What is expected —
Pictures in the entries below are excluded; copy only the lines from the one containing "Motorsaven er udstyret" to the one containing "2025年5月24日至25日", both included.

*** Provided records

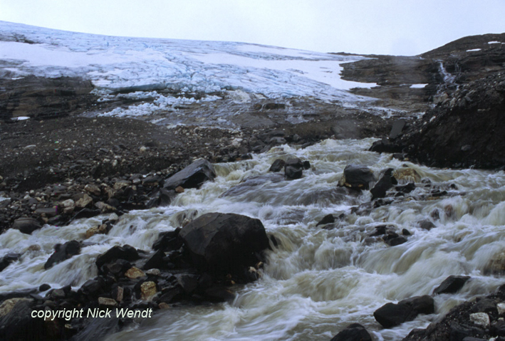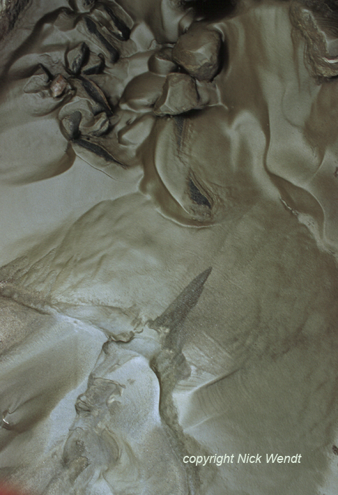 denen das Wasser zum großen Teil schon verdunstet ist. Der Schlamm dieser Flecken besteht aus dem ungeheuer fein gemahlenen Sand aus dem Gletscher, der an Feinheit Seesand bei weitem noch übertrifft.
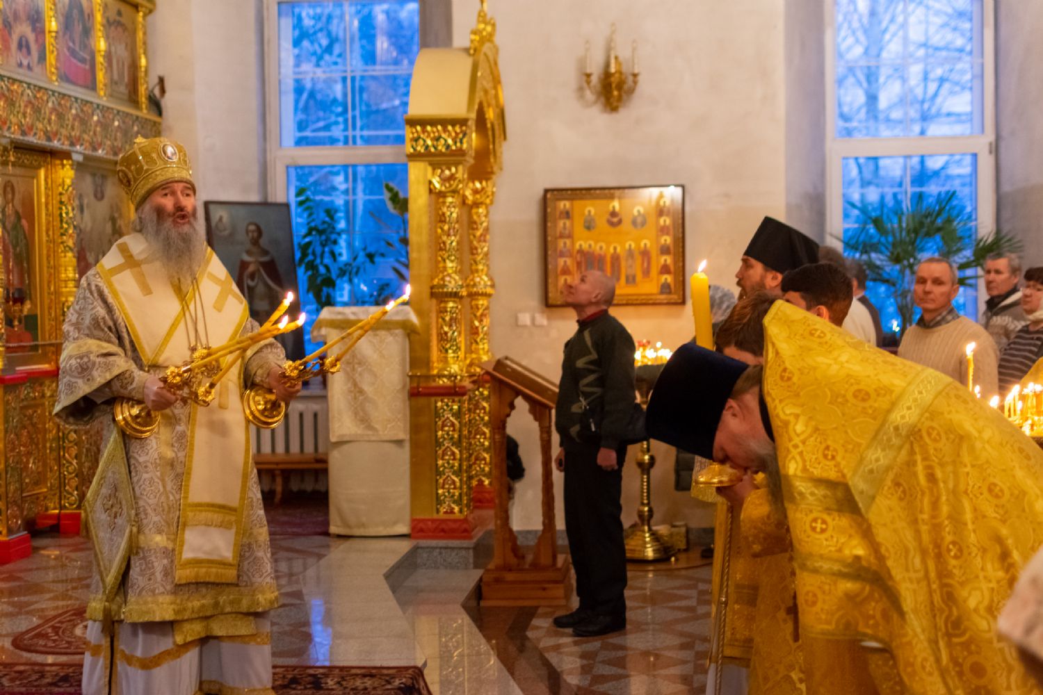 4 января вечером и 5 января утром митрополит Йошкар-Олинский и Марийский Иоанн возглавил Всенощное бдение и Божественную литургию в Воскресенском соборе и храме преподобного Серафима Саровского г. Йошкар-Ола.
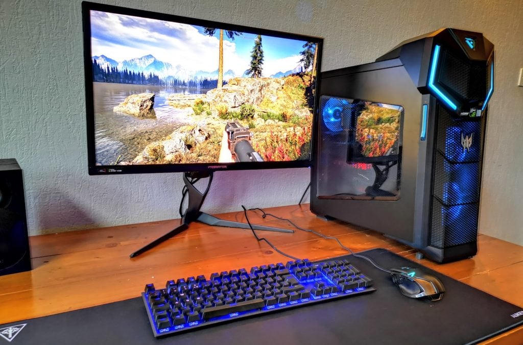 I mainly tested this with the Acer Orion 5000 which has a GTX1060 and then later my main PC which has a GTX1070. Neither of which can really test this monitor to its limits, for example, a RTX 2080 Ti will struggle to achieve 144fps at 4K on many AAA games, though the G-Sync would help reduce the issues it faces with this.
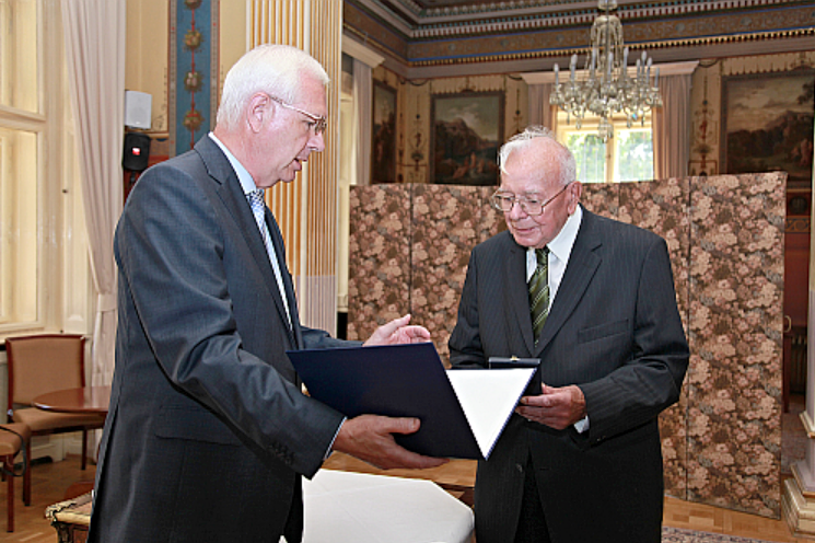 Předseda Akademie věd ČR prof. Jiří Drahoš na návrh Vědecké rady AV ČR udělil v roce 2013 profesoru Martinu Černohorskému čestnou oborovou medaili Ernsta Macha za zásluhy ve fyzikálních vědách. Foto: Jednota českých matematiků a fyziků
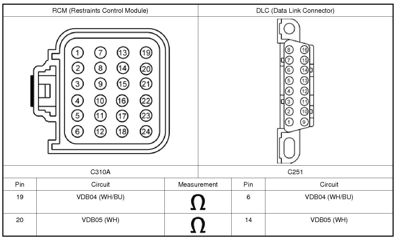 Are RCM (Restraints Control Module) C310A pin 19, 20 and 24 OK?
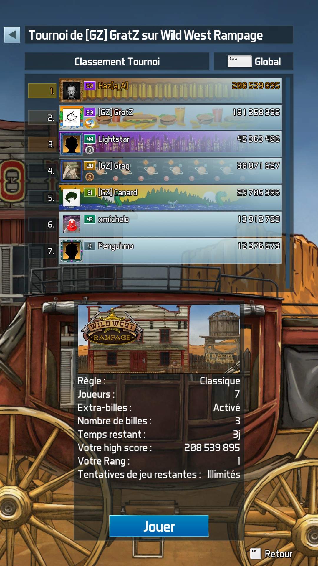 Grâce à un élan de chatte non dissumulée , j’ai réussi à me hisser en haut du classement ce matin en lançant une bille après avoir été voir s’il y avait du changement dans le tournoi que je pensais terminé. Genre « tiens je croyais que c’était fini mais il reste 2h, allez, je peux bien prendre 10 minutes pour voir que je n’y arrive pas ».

******
*** Provided records

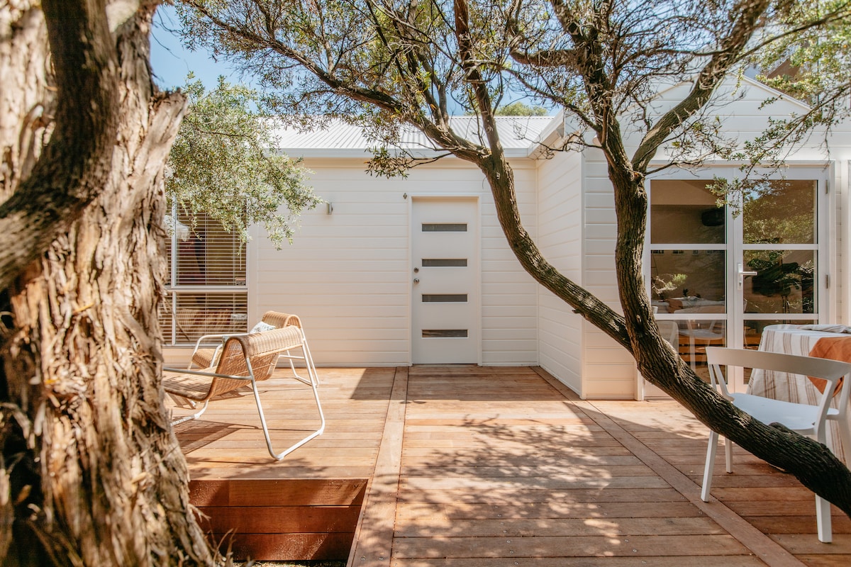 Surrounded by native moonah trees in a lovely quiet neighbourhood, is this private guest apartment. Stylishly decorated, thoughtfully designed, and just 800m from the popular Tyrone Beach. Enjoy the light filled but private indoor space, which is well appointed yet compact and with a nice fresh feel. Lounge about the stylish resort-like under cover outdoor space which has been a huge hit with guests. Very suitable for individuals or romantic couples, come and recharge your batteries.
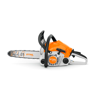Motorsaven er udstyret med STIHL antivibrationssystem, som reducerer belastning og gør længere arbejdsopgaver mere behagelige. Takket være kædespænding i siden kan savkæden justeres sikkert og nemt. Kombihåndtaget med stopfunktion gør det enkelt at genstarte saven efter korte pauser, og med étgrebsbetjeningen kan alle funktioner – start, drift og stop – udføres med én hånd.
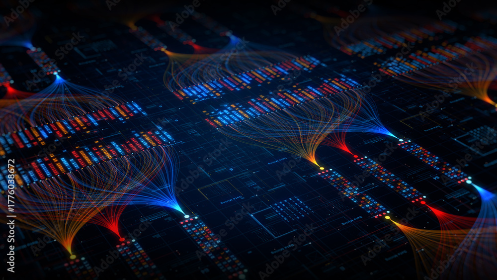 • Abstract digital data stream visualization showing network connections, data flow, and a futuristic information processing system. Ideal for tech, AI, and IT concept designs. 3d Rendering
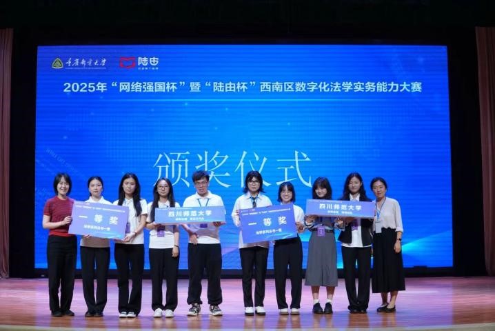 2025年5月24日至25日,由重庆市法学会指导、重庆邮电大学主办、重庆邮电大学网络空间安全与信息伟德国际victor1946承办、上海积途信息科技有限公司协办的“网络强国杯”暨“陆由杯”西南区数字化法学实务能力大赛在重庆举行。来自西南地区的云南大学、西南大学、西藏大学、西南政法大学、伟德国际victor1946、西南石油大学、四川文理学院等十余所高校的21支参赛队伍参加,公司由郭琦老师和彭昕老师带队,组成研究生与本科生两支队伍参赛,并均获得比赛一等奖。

******
*** Provided records

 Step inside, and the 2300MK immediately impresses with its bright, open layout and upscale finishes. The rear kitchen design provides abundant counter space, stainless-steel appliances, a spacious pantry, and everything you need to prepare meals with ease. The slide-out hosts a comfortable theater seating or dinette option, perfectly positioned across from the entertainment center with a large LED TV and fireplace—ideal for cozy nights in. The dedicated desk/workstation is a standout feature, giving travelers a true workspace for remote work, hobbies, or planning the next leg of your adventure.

******

Solution to this problem —
Motorsaven er udstyret med STIHL antivibrationssystem, som reducerer belastning og gør længere arbejdsopgaver mere behagelige. Takket være kædespænding i siden kan savkæden justeres sikkert og nemt. Kombihåndtaget med stopfunktion gør det enkelt at genstarte saven efter korte pauser, og med étgrebsbetjeningen kan alle funktioner – start, drift og stop – udføres med én hånd.
 • Abstract digital data stream visualization showing network connections, data flow, and a futuristic information processing system. Ideal for tech, AI, and IT concept designs. 3d Rendering
 2025年5月24日至25日,由重庆市法学会指导、重庆邮电大学主办、重庆邮电大学网络空间安全与信息伟德国际victor1946承办、上海积途信息科技有限公司协办的“网络强国杯”暨“陆由杯”西南区数字化法学实务能力大赛在重庆举行。来自西南地区的云南大学、西南大学、西藏大学、西南政法大学、伟德国际victor1946、西南石油大学、四川文理学院等十余所高校的21支参赛队伍参加,公司由郭琦老师和彭昕老师带队,组成研究生与本科生两支队伍参赛,并均获得比赛一等奖。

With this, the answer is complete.